- Born: Richard Williams October 4, 1956 Palo Alto, California, U.S.
- Died: November 21, 1992 (aged 36) El Camino, California, U.S.
- Genres: Rock and roll, punk rock, post-punk
- Occupations: Singer, songwriter
- Instruments: Drums, vocals, multi-instrumentalist
- Formerly of: Crime, The Sleepers, Flipper, Toiling Midgets

= Ricky Williams (musician) =

American drummer

Ricky Williams (October 4, 1956 – November 21, 1992), also known as Ricky Tractor, was an American musician based in San Francisco. He is best known as a vocalist and lyricist, but also played drums and guitar. He was the second drummer for Crime (1976–1977), the original singer for Flipper (1979) and the Sleepers (1977–1981), and vocalist for Toiling Midgets (1981–1983). He has been credited with giving Flipper their band name, although he was fired before they made any recordings.
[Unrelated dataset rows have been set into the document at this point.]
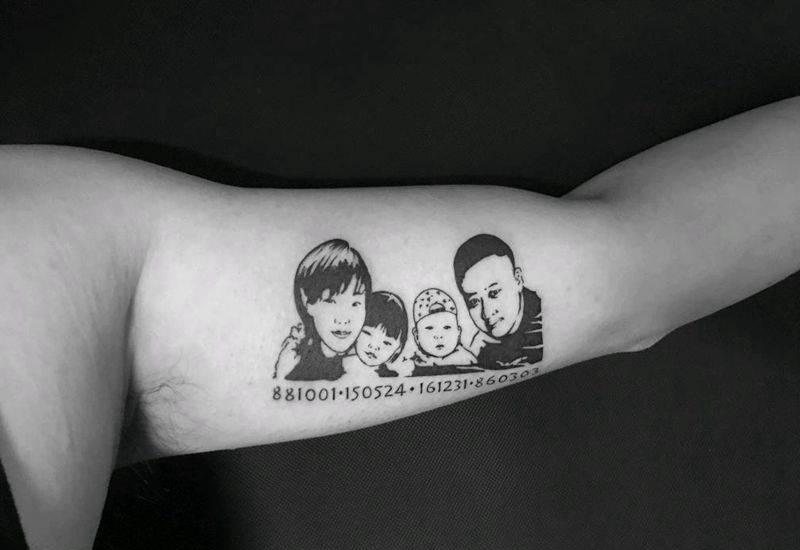 • T家庭图,一家四口生日纪念!纹身图片_手臂纹身图案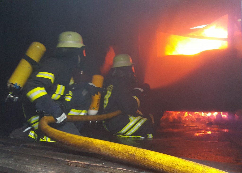 Nun gibt es nur noch eine Türe die zwischen den Trupps und dem Feuer steht. Die Tür wird abgetastet und unter den Kommando „Tür heiß“ geöffnet. Die Hitze schlägt sofort in den Raum. So tief wie möglich kriechen die Kameraden in den Container wo sie das Feuer sehen können. Die Hitze ist fast unerträglich, die Ohren Brennen.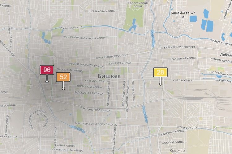 - в районе улиц Бейшеналиевой/Токтогула. Уровень загрязнения превышен в 5,63 раза: PM2.5 среднесуточный — 197 мкг/м³, на момент измерения — 96 мкг/м³;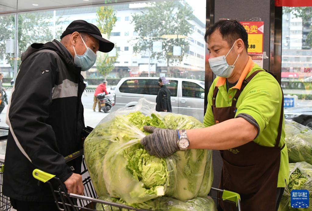 11月2日,在超市发科学城店,市民(右)选购冬储菜。 当日,北京超市发连锁各直营店冬储菜上市。据了解,冬储菜采用产地直采的方式供应市场。在销售冬储菜期间,北京超市发连锁50家直营店每天将提供150余吨大白菜、30余吨大葱。冬储菜供应将持续至11月4日。 新华社记者 任超 摄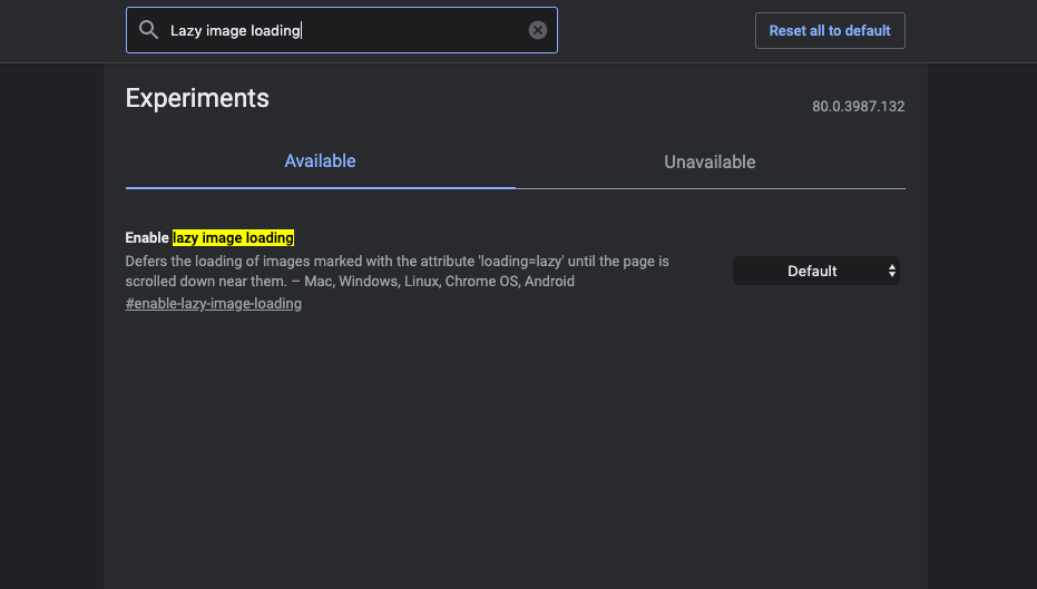 顾名思义,延迟图像加载会延迟图像加载时间,chrome 标志只会在用户进入视口时呈现图像,即仅当用户向下滚动页面时。这是一个非常有用的 Chrome 标志,可以帮助加快页面加载并减少您的互联网数据,因为只有在您滚动页面时才会加载图像。它推迟加载带有属性“loading=lazy”的图像,直到页面在它们附近向下滚动。

Williams died at the age of 36 on November 21, 1992, of a heroin overdose.

==Early life==
Williams was born in Palo Alto, California, on October 4, 1956. His father was Robert Williams, and he had one sister, named Kathie Lee. He was also known to indulge in substance abuse throughout his life, including speed, LSD and alcohol.

== Career ==
In 1976, Williams was the drummer and an early member of Crime (where he was called "Ricky Tractor"), until he was kicked out in 1977 for his "inconsistencies" both on his instrument and in his personality. In 1979, he was a founding member of Flipper. He sang vocals, and was the one who named the band, but was fired "for being too weird" before the band had released any recordings. He was invited that year by Michael Belfer to become the vocalist for The Sleepers, which released one EP, one single and one album before breaking up in 1981. After the breakup of The Sleepers, he joined Toiling Midgets as vocalist from 1981 until 1983.

== Personal life ==
Towards the end of his life, Williams lived with his mother in Mountain View, California. His mother was killed in a car accident, and a year and two months later, Williams himself was dead. At the time of his death, he was remastering his recorded work for re-release. He had been suffering from respiratory disease and died in his sleep on November 21, 1992. He was survived by his father, sister, and a son named Zachary; Zachary later performed with his father's former bandmates in Negative Trend, performing some of his father's songs.